Start of Block
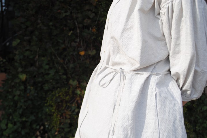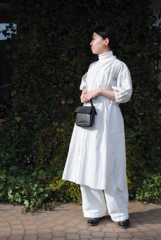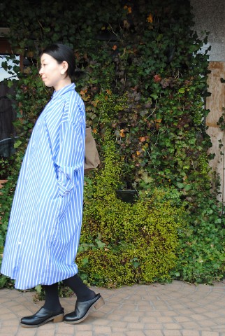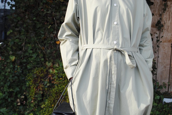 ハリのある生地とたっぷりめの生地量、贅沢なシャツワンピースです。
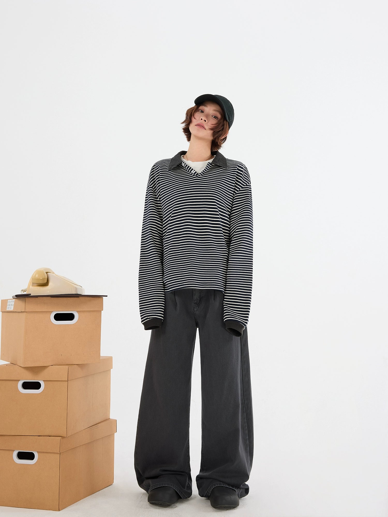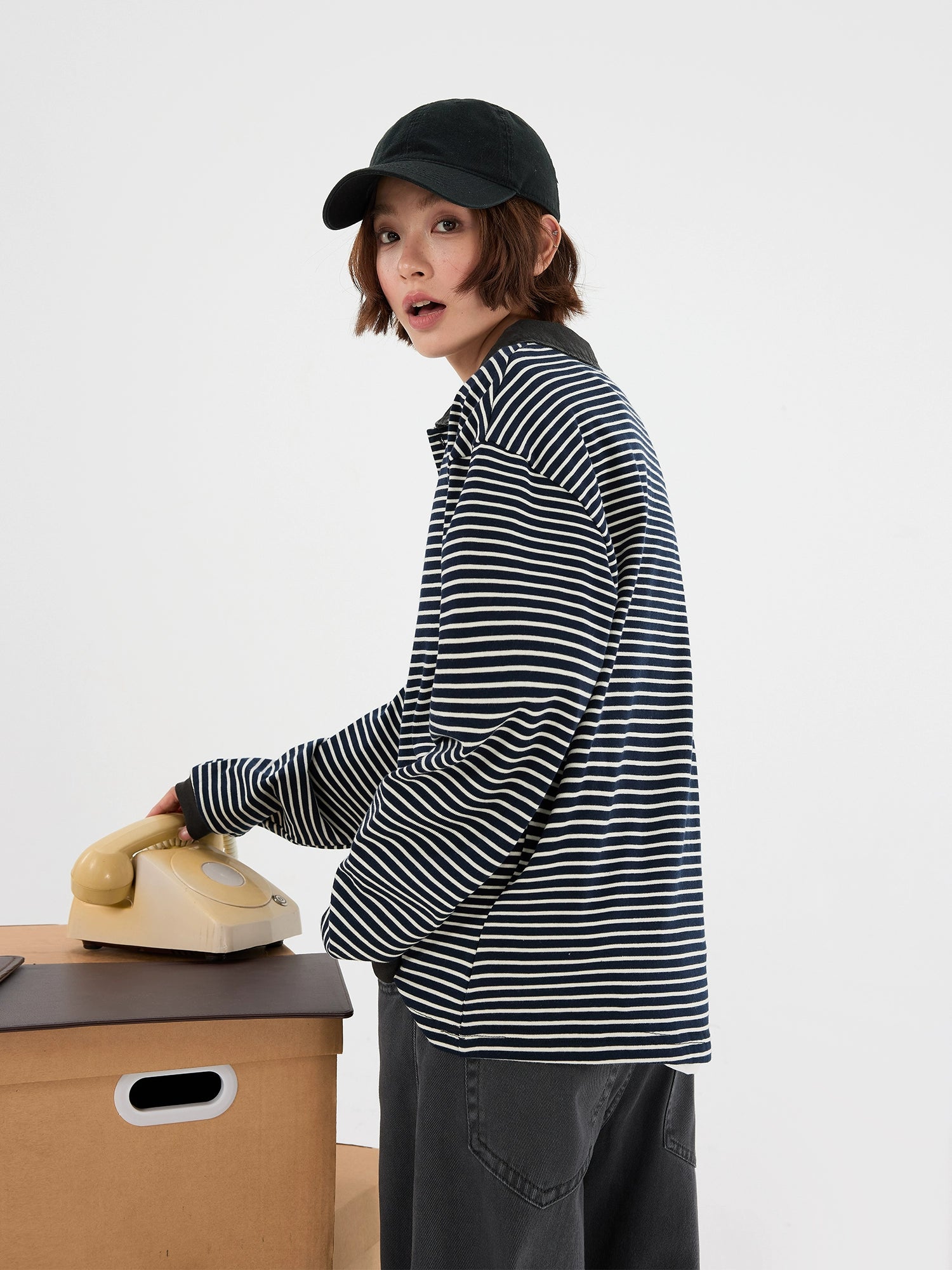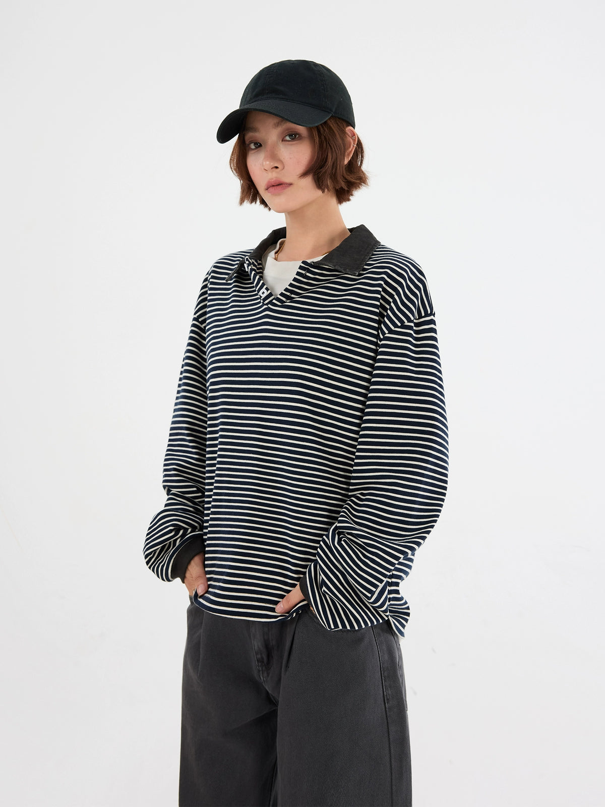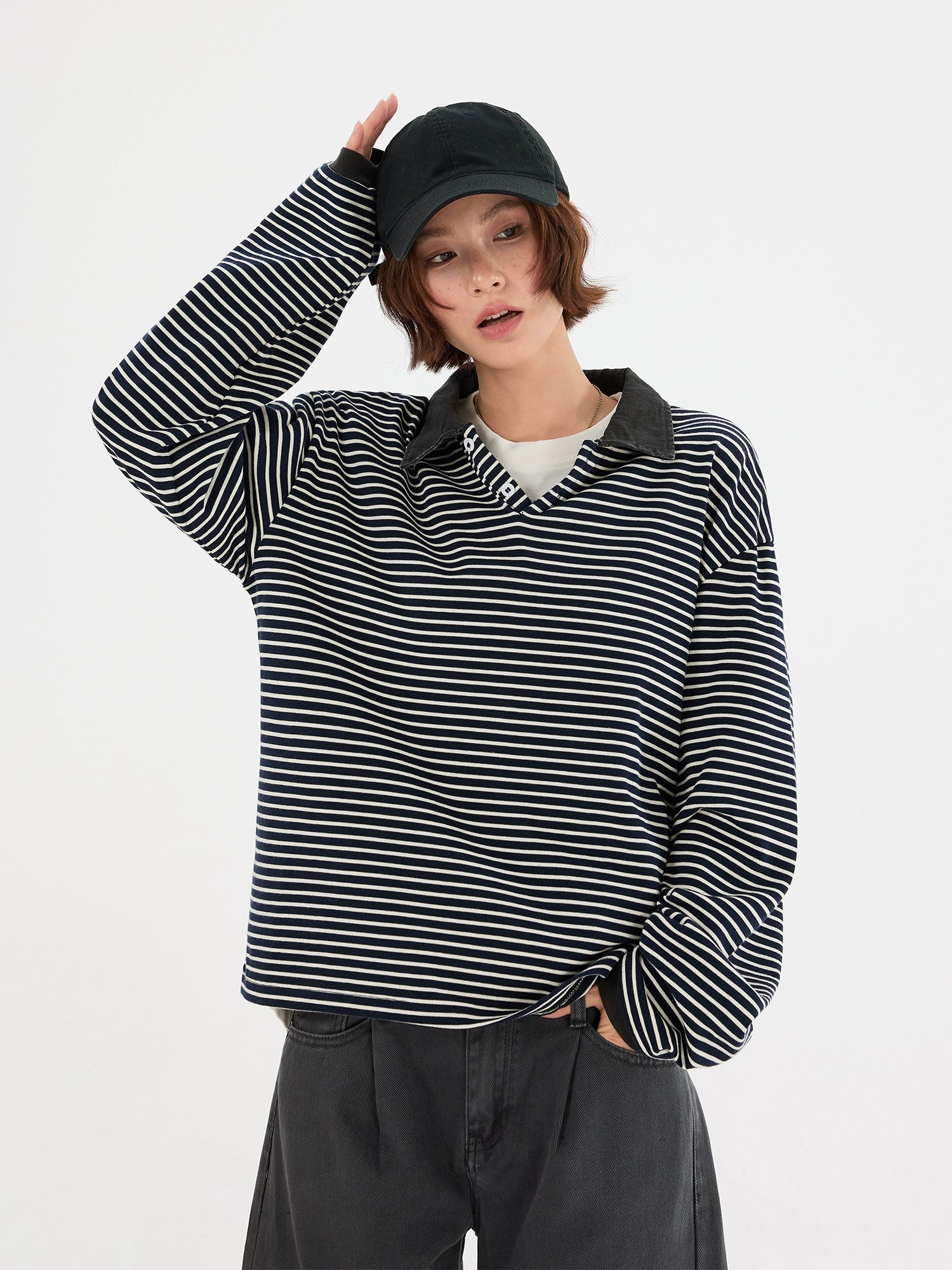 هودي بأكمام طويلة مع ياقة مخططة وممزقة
End of Block
Start of Block
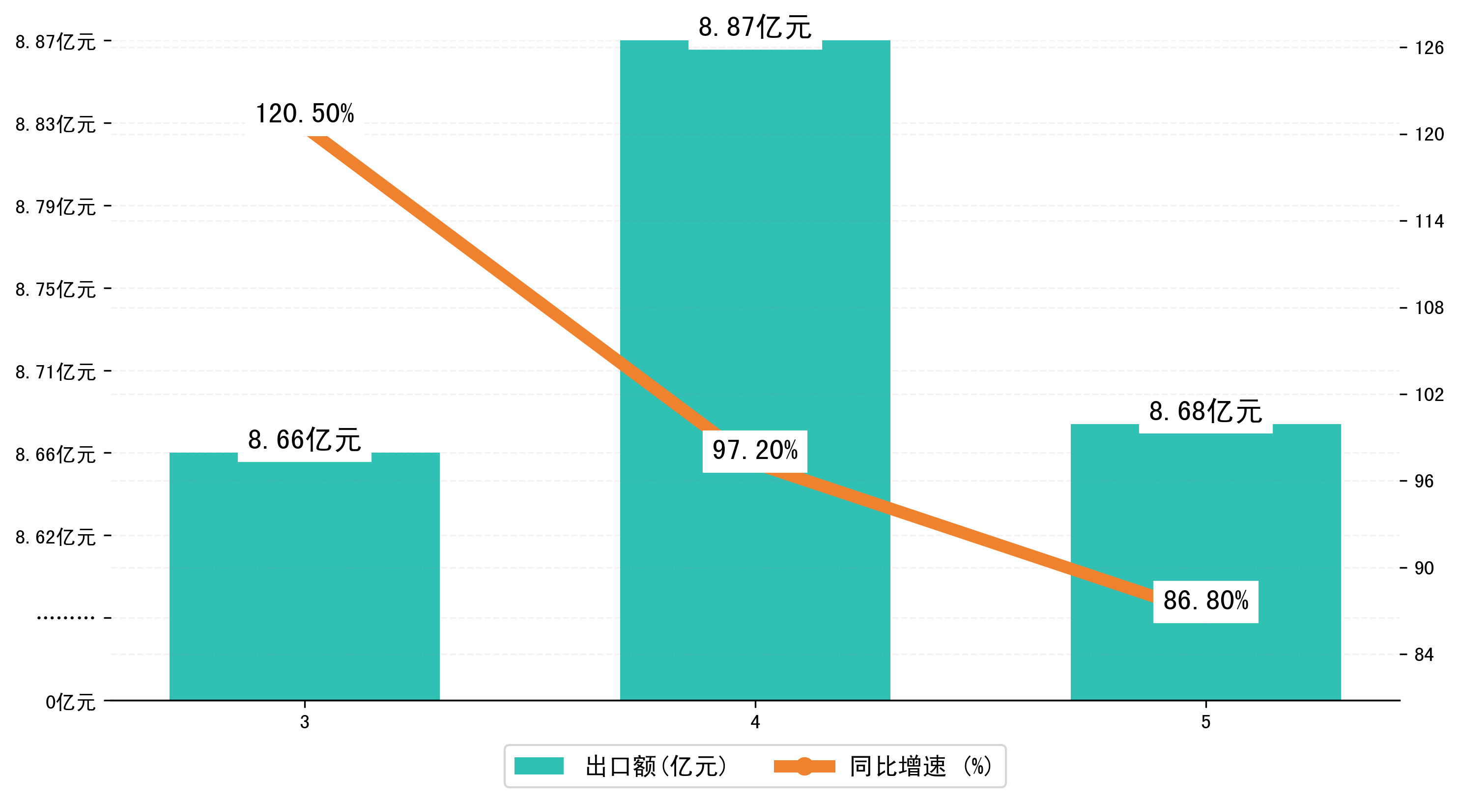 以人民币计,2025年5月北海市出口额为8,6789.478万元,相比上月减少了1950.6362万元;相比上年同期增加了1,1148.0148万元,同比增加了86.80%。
End of Block
- _WHAT TO WORK ON_
What should come back is an exact copy of the lines above from the line with "ハリのある生地とたっぷりめの生地量、贅沢なシャツワンピースです。" to the line with "هودي بأكمام طويلة مع ياقة مخططة وممزقة", both included, minus the pictures.

- _TASK SOLUTION_
 ハリのある生地とたっぷりめの生地量、贅沢なシャツワンピースです。
 هودي بأكمام طويلة مع ياقة مخططة وممزقة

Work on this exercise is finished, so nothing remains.